The two questions raised by the Commonwealth correspond with the two bases for the trial court's decision, as discussed above. Both of these grounds depend upon the trial court's interpretation of the DUI statute as reflecting a legislative intent to criminalize the act of driving while the individual's BAC level is above the statutory threshold. The correctness of such interpretation was an issue presented to this Court in Commonwealth v. Duda, ___ Pa. ___, 923 A.2d 1138 (2007) in which the common pleas court of Allegheny County invalidated Section 3802(a)(2) on a similar basis.[3] Therefore, we held the present appeal pending our disposition of Duda. As our decision in that matter has now been announced, see Commonwealth v. Duda, 923 A.2d 1138 (Pa.2007), this appeal is ready for disposition.

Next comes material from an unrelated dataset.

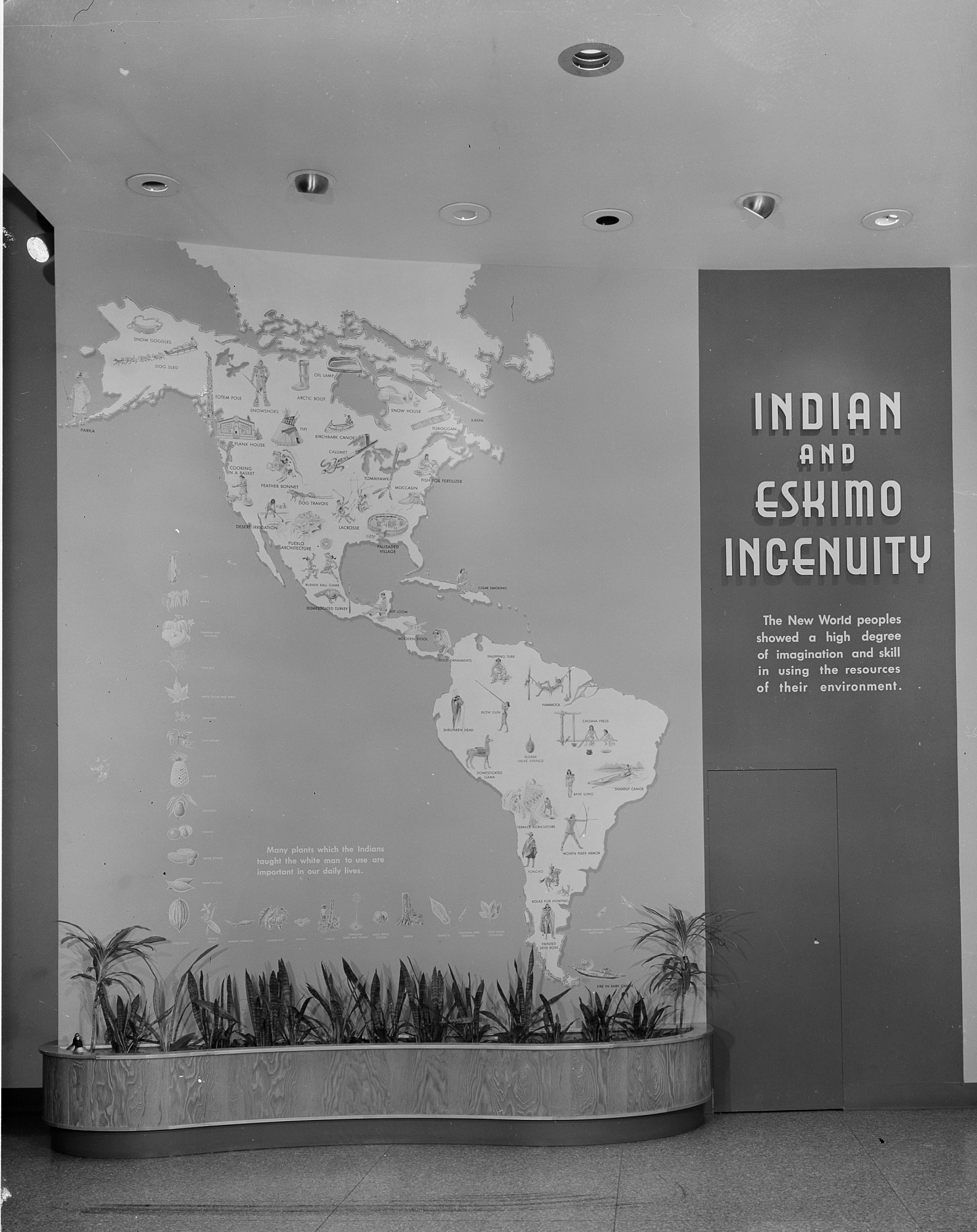 Map, that goes from floor to ceiling of North and South America, showing examples of Native Americans imagination and skill in using the resources of their environment is part of the exhibit entitled "Native Peoples of the Americas" which opened in 1957 in the National Museum of Natural History.

Our Duda decision reversed the Allegheny County court's order and upheld Section 3802(a)(2). Duda explains that Section 3802(a)(2) does not depend upon the driver's BAC level while actually driving, but rather, defines the offense in terms of consuming a sufficient quantity of alcohol prior to driving such that the driver's BAC level meets the statutory threshold *971 at the time of testing within two hours after driving. Accordingly, it does not raise a conclusive presumption, and it is distinguishable from the statute invalidated in Barud. See Duda, 923 A.2d at 1147. Furthermore, it survives rational-basis judicial scrutiny and is not overbroad. See Duda, 923 A.2d at 1152. Although subsection (c) of Section 3802 employs a higher BAC threshold than subsection (a)(2) (which pertains to "DUI-general impairment" rather than "DUI-highest rate of alcohol"), it is in all other respects identical to subsection (a)(2). The difference in the statutory BAC threshold is immaterial to the analysis employed in Duda. That reasoning fatally undermines the trial court's disposition in the present case.

For the foregoing reasons, the order of the Court of Common Pleas dated November 9, 2005, is reversed insofar as it ruled that Section 3802 of the Vehicle Code is unconstitutional, and the matter is remanded for further proceedings consistent with this Opinion.

Chief Justice CAPPY files a concurring statement in which Justice CASTILLE and FITZGERALD join.

Chief Justice CAPPY, dissenting.

I join the majority opinion based on this Court's majority decision in Commonwealth v. Duda, 923 A.2d 1138 (2007). If I were writing on a clean slate, my position would be that expressed in Mr. Justice Castille's dissenting opinion in Duda, which I joined.

Justice CASTILLE and FITZGERALD join this concurring statement.

NOTES

[1] See Act of Sept. 30, 2003, P.L. 120, No. 24, effective Feb. 1, 2004 ("Act 24"). Act 24 repealed and replaced the prior DUI statute located at Section 3731 of the Vehicle Code, 75 Pa.C.S. § 3731, which, in 1996, was invalidated in part by this Court.

[2] In its order, the court also denied Appellee's motion to suppress, as well as his request for a writ of habeas corpus. See generally Commonwealth v. Hock, 556 Pa. 409, 728 A.2d 943, 945 n. 2 (1999) (explaining that a petition for a writ of habeas corpus is the proper vehicle to test the sufficiency of the Commonwealth's evidence pre-trial).

[3] Indeed, the present trial court's opinion cites to the Allegheny County Court's Duda decision for support, and its reasoning is substantially similar to that employed by the Duda trial court.